Report: States that kept schools closed set back learning 20 YEARS, especially in poor and black communities. See the charts here.
· Oct 26, 2022 · NottheBee.com

While it may seem obvious that closing down schools for two years might have some negative consequences on learning achievement, the data are officially in. In fact, the shutdowns erased two decades of progress in math and reading from the United States' overall ratings.

However, that national average only reflects the big picture of the nation. States with the longest remote-learning environments tended to have the worst academic performance. States that kept their schools open, since kids tended to not have much trouble with Covid-19, performed much better.

In fact some states that typically perform in the bottom of these ratings system, like Louisiana and Alabama, actually saw increases during the pandemic.

The Daily Wire analyzed the data and charted 4th-grade reading proficiency based on whether the state had a Republican governor or a Democrat governor during 2020-21.

You can see that the red states trend in the more in-person learning, higher-performance quadrant, while the blue states trend in the less in-person learning, lower performance quadrant, though there are obviously exceptions to these trends.

8th-grade math was much the same, except that there was zero improvement in any state, which is concerning, but states like Minnesota, Massachusetts, and Washington had upwards of 12% decreases due to low amounts of school attendance.

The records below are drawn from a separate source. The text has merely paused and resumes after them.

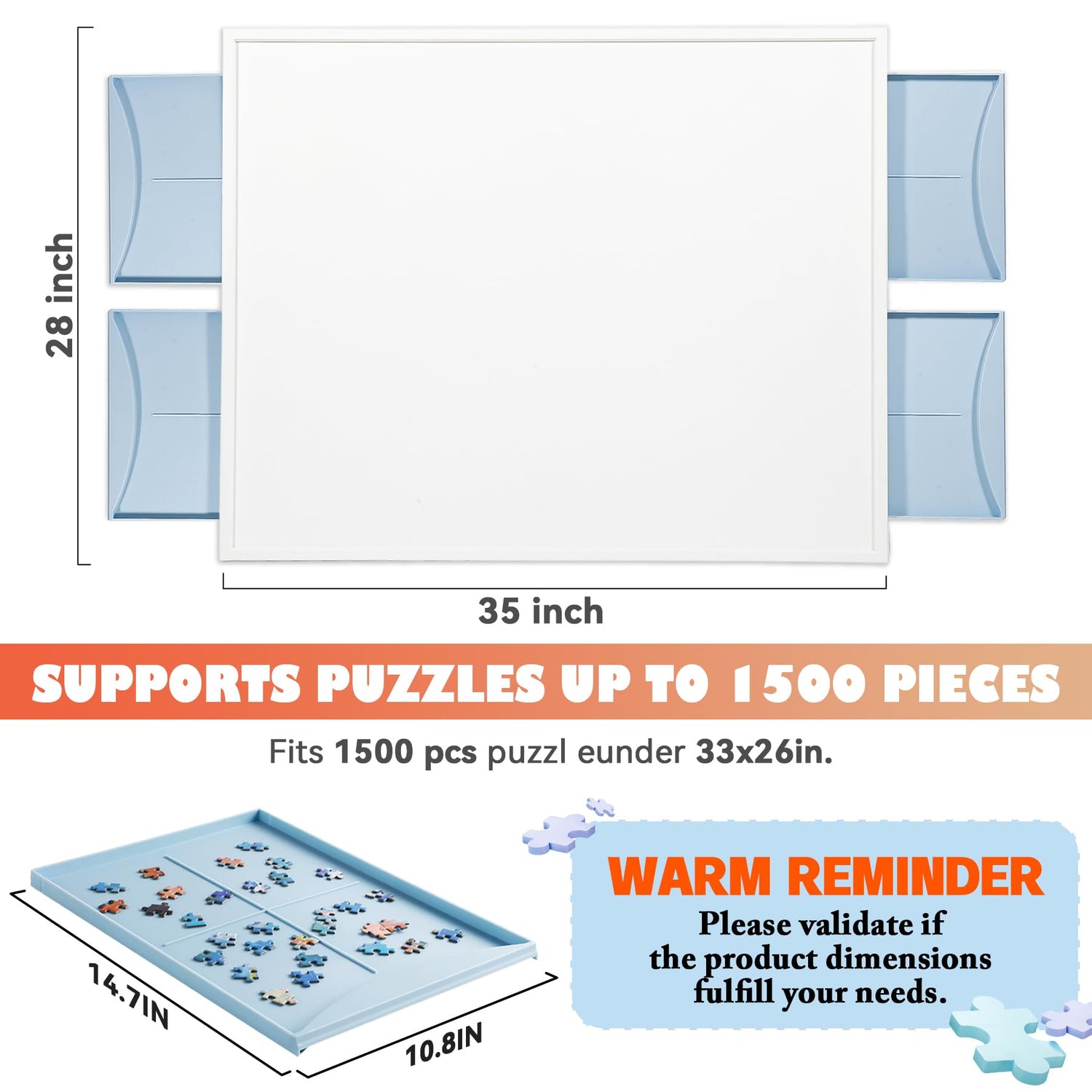 - 1500-Piece Puzzle Platform With Four Sorting Bins For Easy Organization:Our 35"x28" puzzle board is designed for up to 1500 pieces, ideal for larger jigsaws. It includes 4 sliding drawers to organize pieces by color or section, improving your puzzle-solving efficiency.
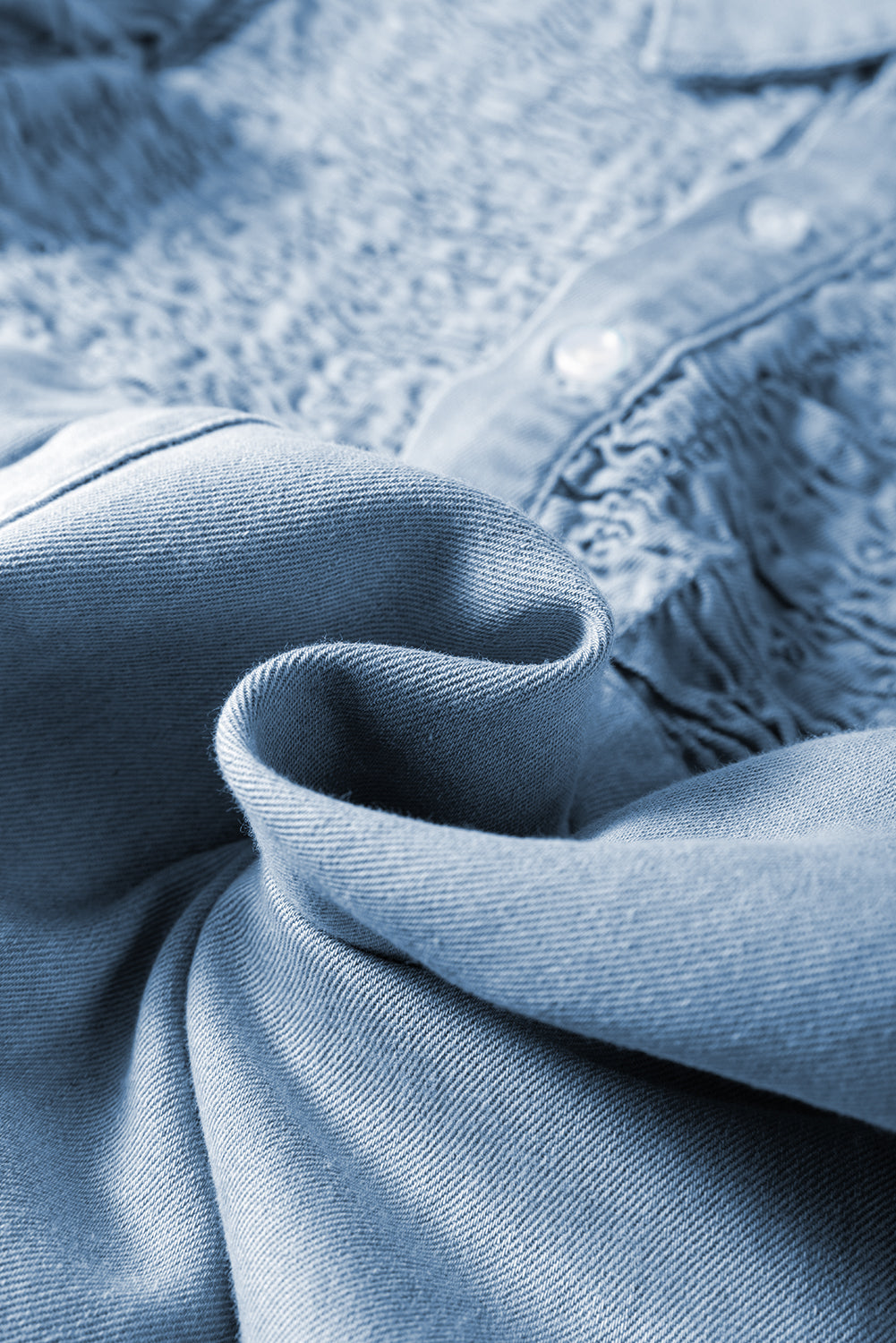 Beau Blue Flutter Sleeve Shirred Button Up Denim Mini Dress ‐ Beau Blue / L
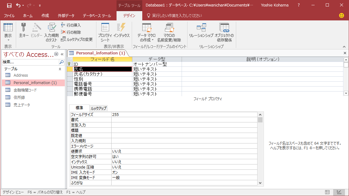 - フィールド名を入力し、主キーを変更します。
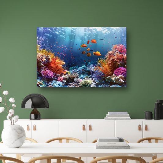 Levendig koraalrif vol kleurrijke vissen acrylglas
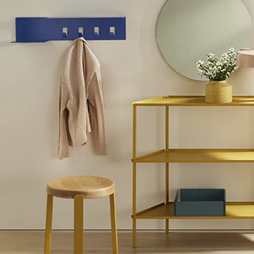 Complement your refined taste with the smooth design of the Unit Stool by Blu Dot. Fine steel beautifully contours into a collection of well-spaced legs. These legs properly balance a rich wood top with ease so that you can readily elevate yourself whenever the need arises. The Unit Stool gives your home a look of uniformity that blends in with your existing décor. Place this furnishment in your kitchen or living room and access your in-home accessories effortlessly.
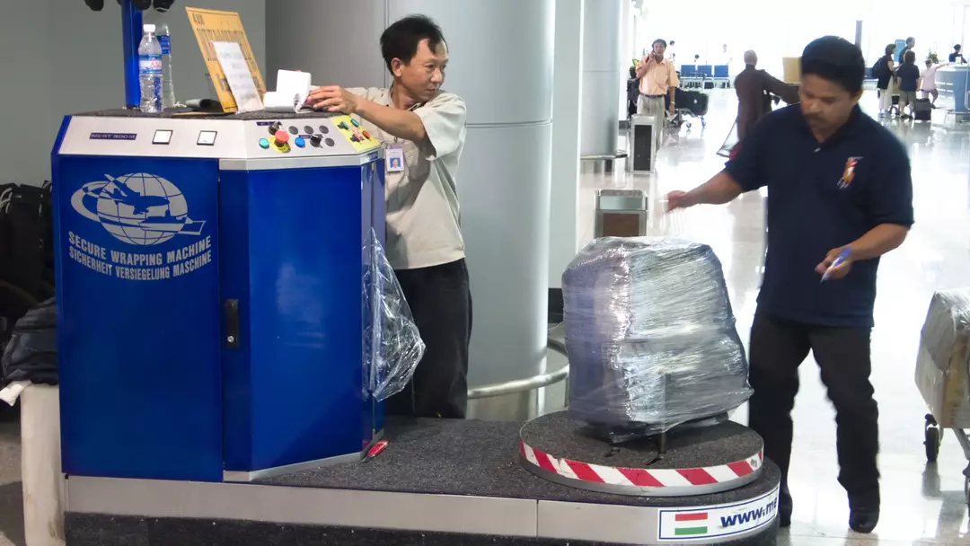 One security measure commonly spotted in airports worldwide is passengers wrapping their cases in layers of plastic film, with many terminals even offering the service to anxious travelers before they head to check-in.

8th grade marks the transition from arithmetic to pre-algebra or algebra for most students, which requires a huge mind shift in basic mathematical function. It's no wonder in-person instruction is important there.

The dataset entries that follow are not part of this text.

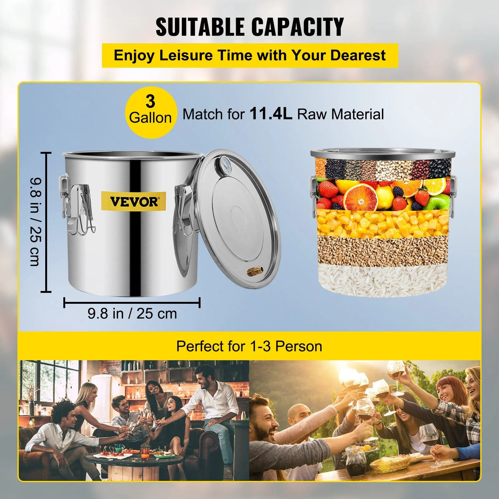 This alcohol still provides you with a fermentation capacity of 3 gallons. Boiler barrel: 9.8" x 9.8" (25 x 25 cm), condenser: 7.9" x 4.3" (20 x 11 cm), thumper keg: 7" x 4" (18 x 10 cm), which can ferment up to 11.4 liters of raw materials. Perfect for family-together parties. All parts are made of food-grade materials, including silicone, stainless steel, and copper.
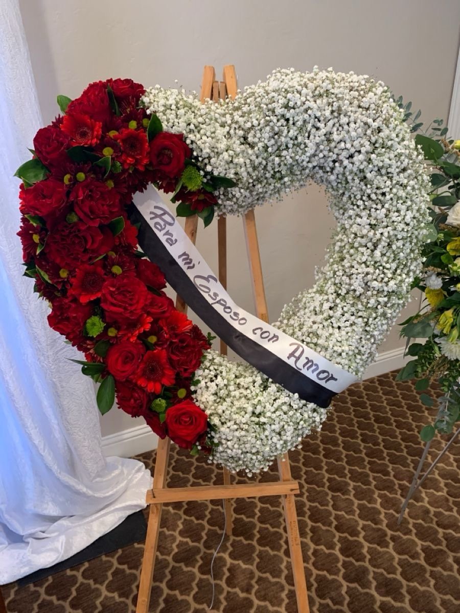 A heart-shaped funeral arrangement designed with a blend of rich red and pure white flowers, symbolizing deep love, respect, and the purity of remembrance. The striking contrast between the bold red blooms and the soft white petals creates a beautiful tribute to a life filled with affection and cherished memories. This heartfelt display serves as a comforting and meaningful gesture, offering solace to those who mourn while honoring the love shared with the departed. The arrangement embodies both passion and peace, making it a fitting tribute for a loved one.
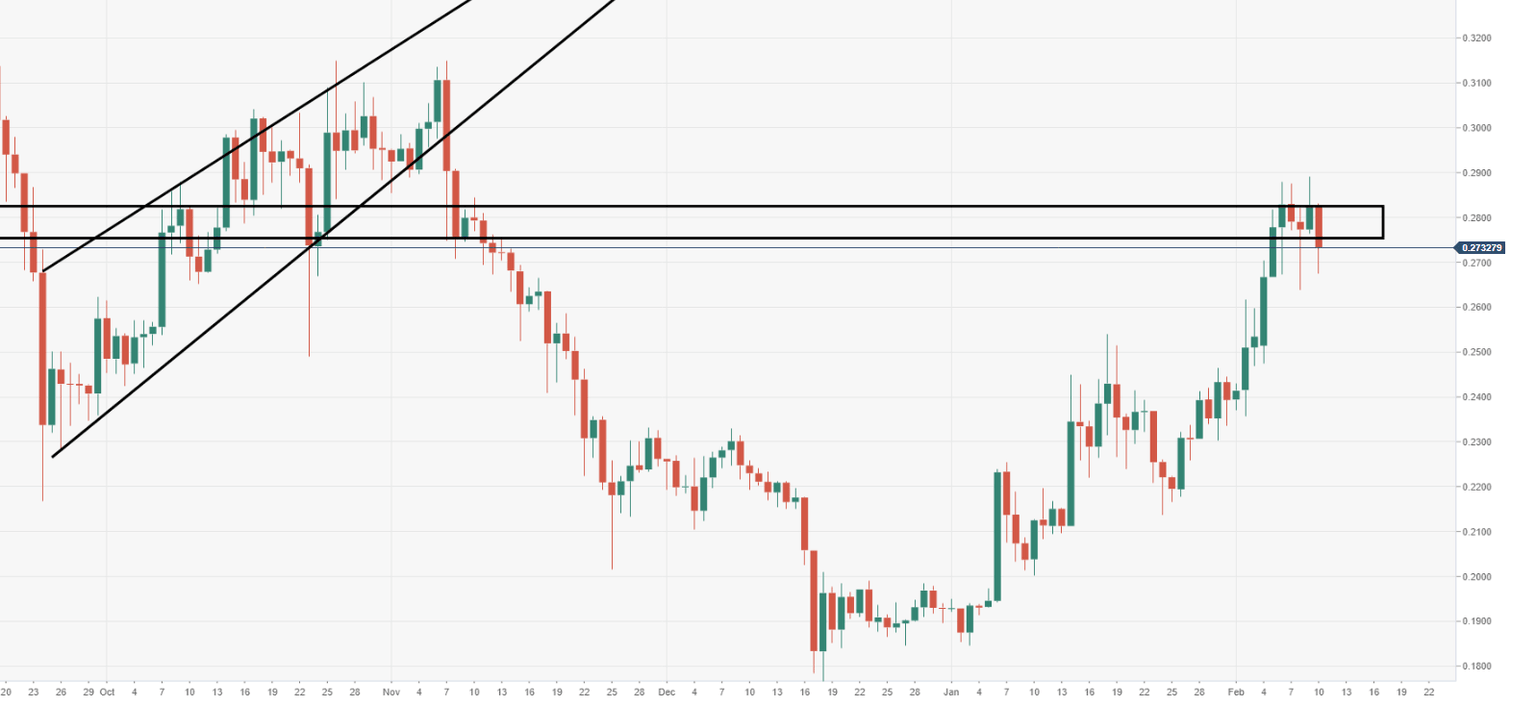 XRP/USD is currently trading at $0.2799 (-2.95%), $0.3000 is proving to be much of a challenge to claim.

Anyone who has any sort of memory will recall that teachers' unions were the biggest opponent of reopening schools. They called the very idea "racist and sexist."

But guess which groups saw the greatest declines because of the teachers' unions fighting reopening schools?

Communities of color were the most affected by far.

The Democrats threw all kinds of money at the problem with the The American Rescue Plan, which was used to raise teachers' salaries while the students fell further behind.

The only trouble I have with these results is that none of these studies control for curriculum. These states are hardly teaching the same materials anymore, whether remote or in person.

For example, Florida saw advances in reading as it outlawed Critical Race Theory and pushing sex on K-3rd grade, while states like Virginia did the opposite and had the lowest scores.

Luckily, Virginia voters chose to replace their governor with a Republican.

In the assessment world, there's a theory called cognitive load, which aims to focus an assessment on only the metric being tested.

For example, if I want to know whether a student knows what 2+2 is, I would just ask what 2+2 is. However, if I layer on the idea that math is racist, and sometimes 2+2 can equal 5, suddenly the student is balancing several ideas at once for which there are no standardized answers, and the student is almost certainly going to do poorly on a standardized test.